The second important finding of our study is that one calculated formula initial eGFR AUC%_12M was a better predictor of adverse renal outcomes than eGFR slope. Unlike other summary measures (e.g., baseline, average, or maximum eGFR value), both pieces of information can be captured through the use of AUC [18]. The use of AUC simplifies the statistical analyses by transforming the multivariate data into a univariate variable, especially when many repeated measurement numbers exist and there is a need to summarize the information [14]. In addition, when the time interval between repeated measurements is not identical, the use of AUC provides an alternative approach to adjust for these differences [19]. O’Hare et al. investigated the variability in eGFR in the 2 years before initiation of dialysis in 5,606 Veterans Affairs patients and found that patients with greater eGFR variability were less likely to have received predialysis care and had a higher risk of death in the first year after dialysis [20]. An understanding of kidney function variability preceding dialysis can help guide clinical decision making (e.g., nephrology referral, vascular assessment, and transplant referral), goals of care, and anticipated service needs [2022]. The formula for eGFR AUC% may also be used in long term follow-up in patients with CKD.

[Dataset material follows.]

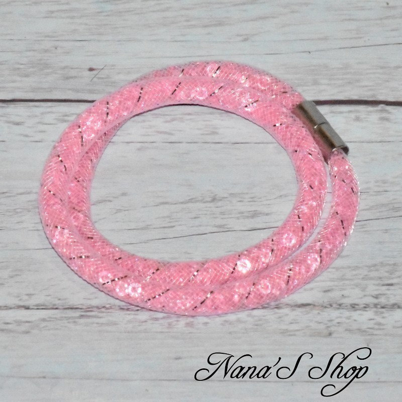 • Collier fantaisie, grosse résille blanche, Stardust, coloris rose pâle.

As for other approaches, such as using SE of the regression as a method of evaluating eGFR variability, our result is in agreement with Perkins RM’s finding that eGFR variability by the SE did not predict ESRD outcome among CKD stage 3 patients [23]. Despite this finding, it needs further investigations to compare the significance of employing the different approaches for estimating eGFR variability.

In conclusion, our results demonstrate that the greater eGFR variability by AUC% is associated with the higher risk of progression to RRT. The formula of estimating eGFR variability by AUC method may provide a significant predictive value and guide the treatment strategies and choices in CKD patients.

Conflict of Interests

The authors declare no conflict of interests in this study.